» TASK STATEMENT
In the records below, find the line that holds "Металлический держатель для". Restate it and every later line exactly, stopping at the end and skipping pictures.

Collected data entries
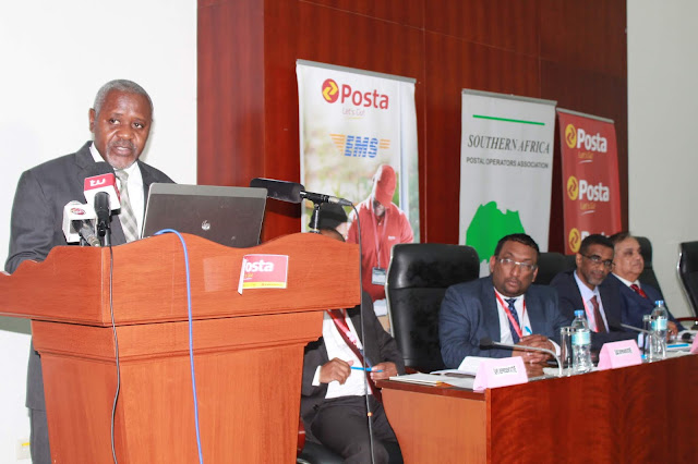 Mgeni rasmi Naibu Waziri wa Ujenzi, Uchukuzi na Mawasiliano (Uchukuzi na Mawasiliano) Mhandisi Atashasta Nditiye (wa tatu kulia) akiwa meza kuu pamoja na baadhi ya wawakilishi wa Umoja wa Posta kwa nchi za Kusini mwa Afrika (SAPOA), katika mkutano wa umoja huo, alioufungua leo, ukumbi wa mikutano wa Kimataifa wa Mwalimu J.K Nyerere jijini Dar es Salaam. Kulia ni Kaimu Postamasta Mkuu wa Shirika la Posta Tanzania (TPC), Hassan Mwan'gombe na wa pili ni Mwenyekiti wa Bodi ya TPC, Kanali Mstaafu, Dk. Haruni Kondo. Baadhi ya wawakilishi kutoka DHL ambao ni wafadhili wa mkutano huo wakifuatilia maelezo mbalimbali kutoka kwa wawakilishi wa nchi mbalimbali za umoja huo. Wawakilishi kutoka Shirika la Posta Tanzania (TPC) wakiskiliza kwa makini maelezo mbalimbali yaliyokuwa yakitolewa na wawakilishi wa nchi za umoja huo, wakati wa ufunguzi wa mkutano huo. Kutoka kushoto ni Kaimu Meneja Uendeshaji wa Biashara, Mwanaisha Saidi, Kaimu Meneja Rasilimali za Shirika, Macrice Mbodo na Meneja Huduma za Fedha, Rehema Mbunda. Baadhi ya wawakilishi kutoka nchi za Kusini mwa Afrika zilizounda umoja huo, wakifuatilia kwa makini hotuba na maelezo mbalimbali yaliyokuwa yakitolewa katika mkutano huo. Baadhi ya wawakilishi wa umoja wa SAPOA, kutoka nchi za Kusini mwa Afrika, wakifuatilia kwa makini mkutano huo. Mtendaji Mkuu wa Posta wa Mauritius, Giandev Moteea, akitoa hotuba yake katika mkutanoni huo.
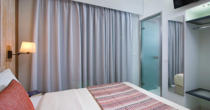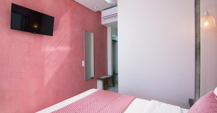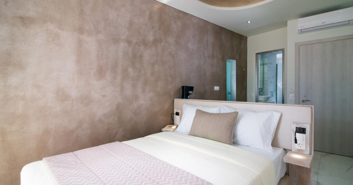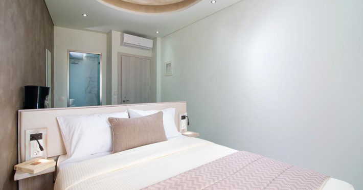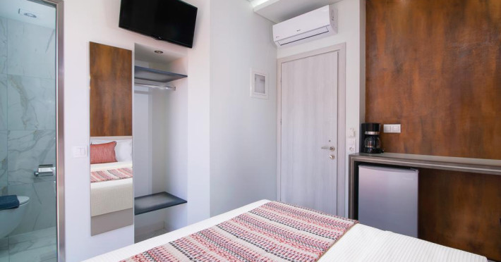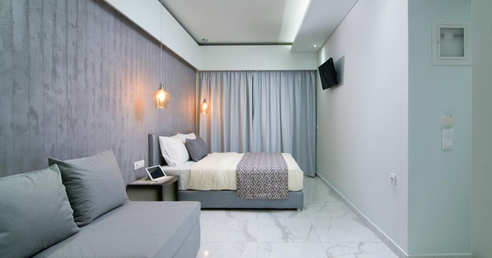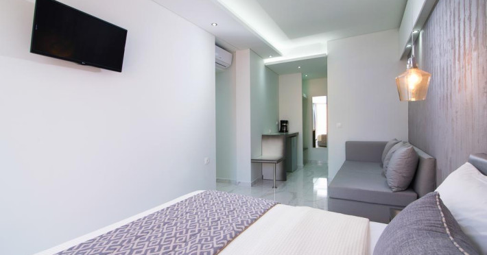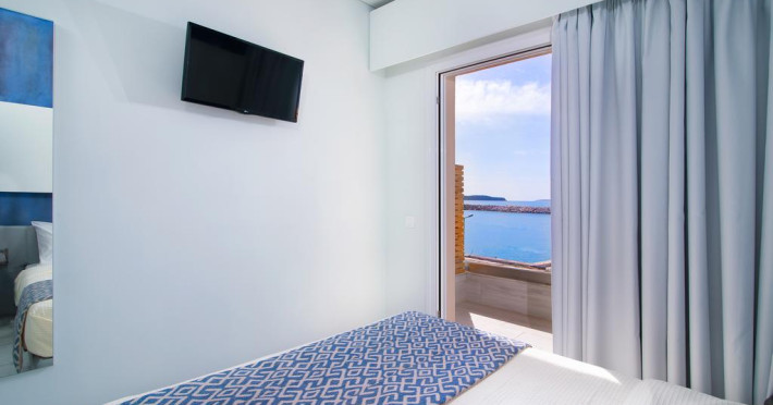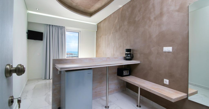 În camere există baie cu duș. Camerele luminoase de la Molos sunt dotate cu aer condiționat, Tv și seif. Curățenia in cameră se face zilnic. Proprietatea oferă camere pentru nefumători.
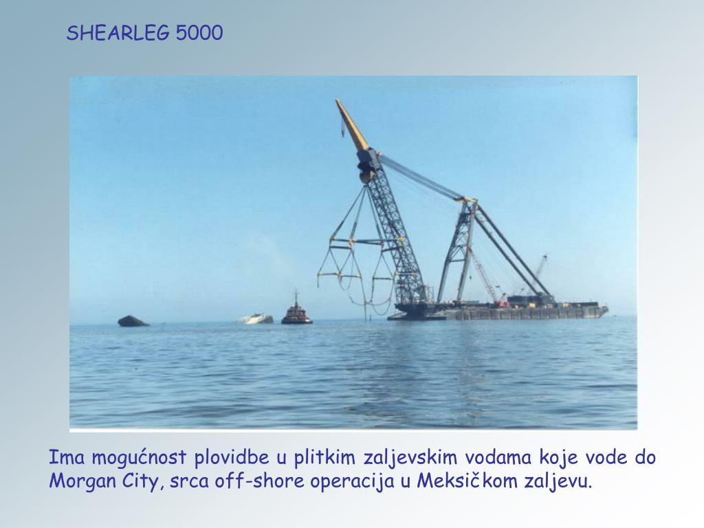 SHEARLEG 5000 Ima mogućnost plovidbe u plitkim zaljevskim vodama koje vode do Morgan City, srca off-shore operacija u Meksičkom zaljevu.
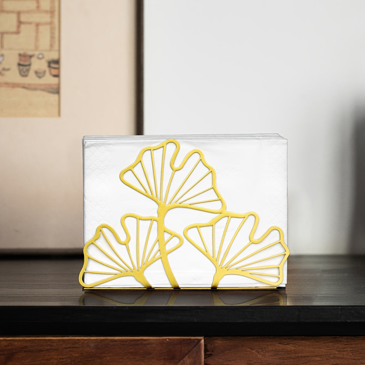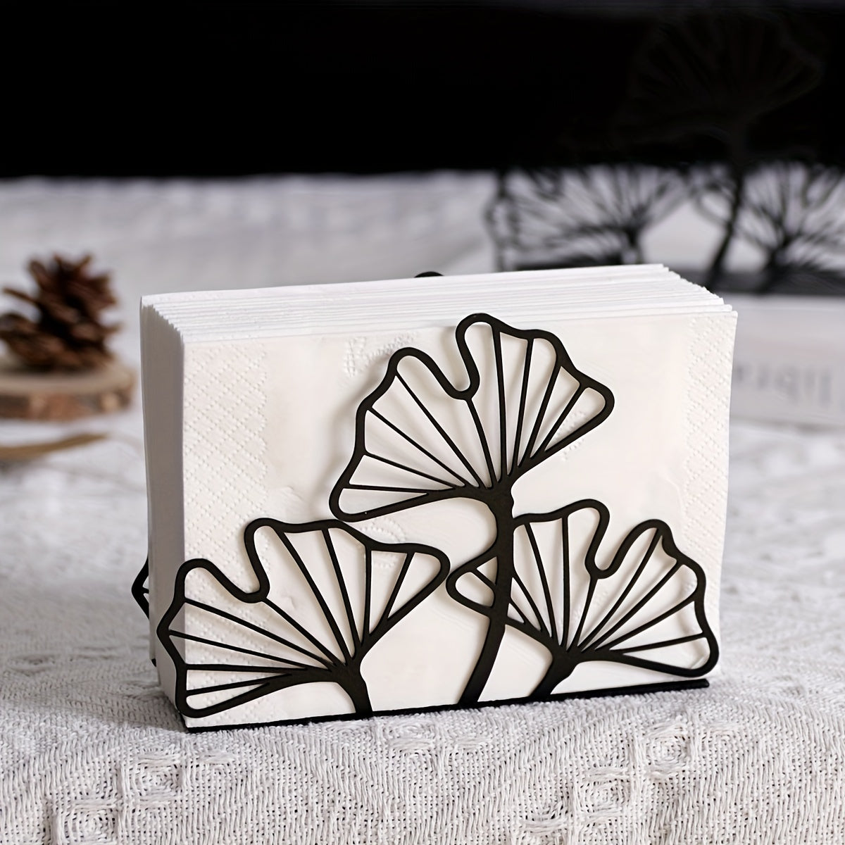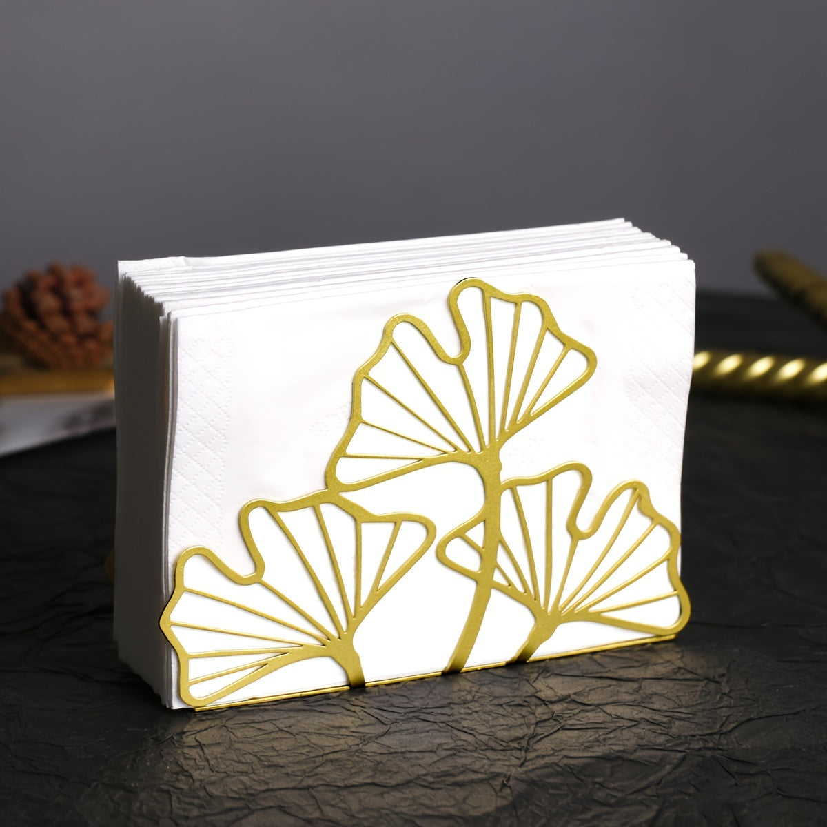 Металлический держатель для салфеток с дизайном листа гинкго для обеденных столов и кухонного декора
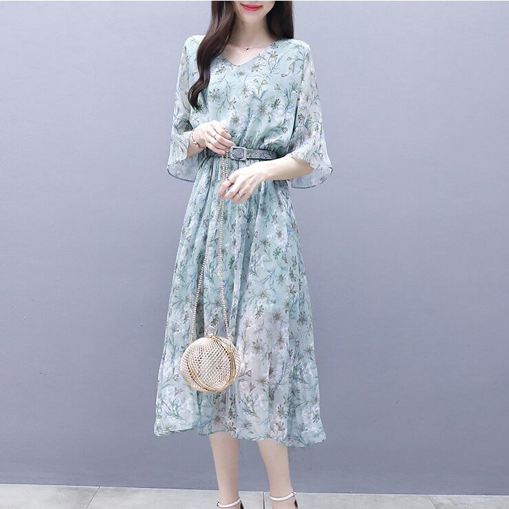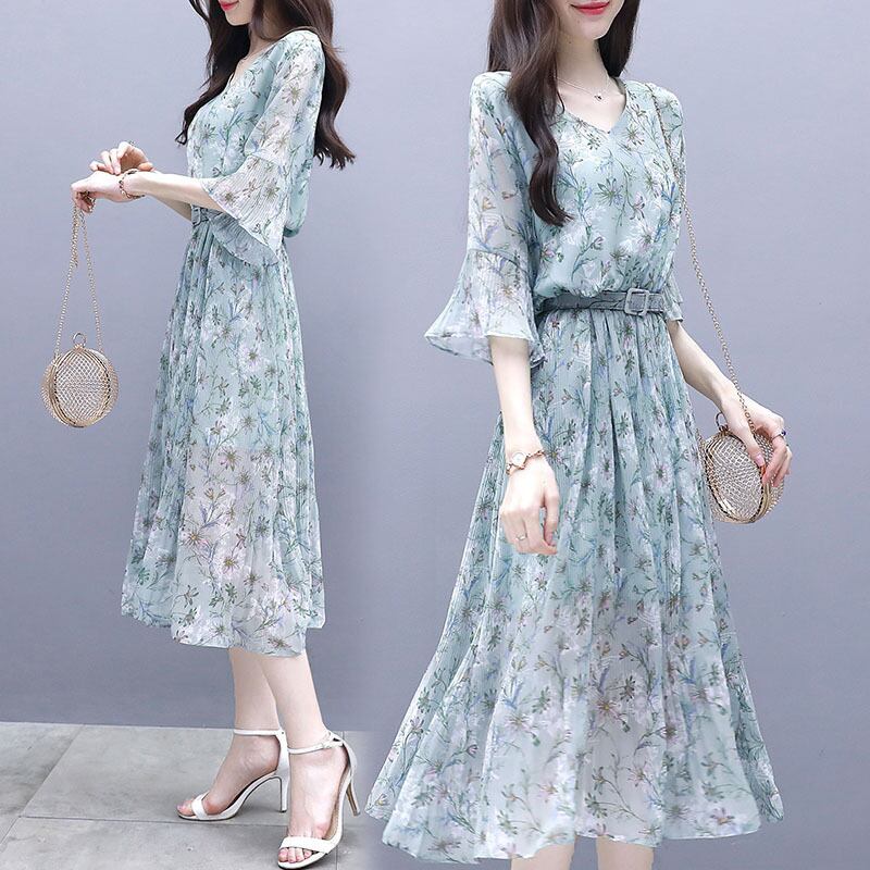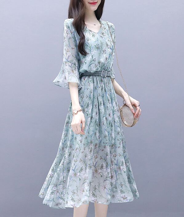 【dress】女性力を高める〜Vネックフレアスリーブ韓国ファッション花柄ワンピースF0295

» RESPONSE FOR THIS EXERCISE
 Металлический держатель для салфеток с дизайном листа гинкго для обеденных столов и кухонного декора
 【dress】女性力を高める〜Vネックフレアスリーブ韓国ファッション花柄ワンピースF0295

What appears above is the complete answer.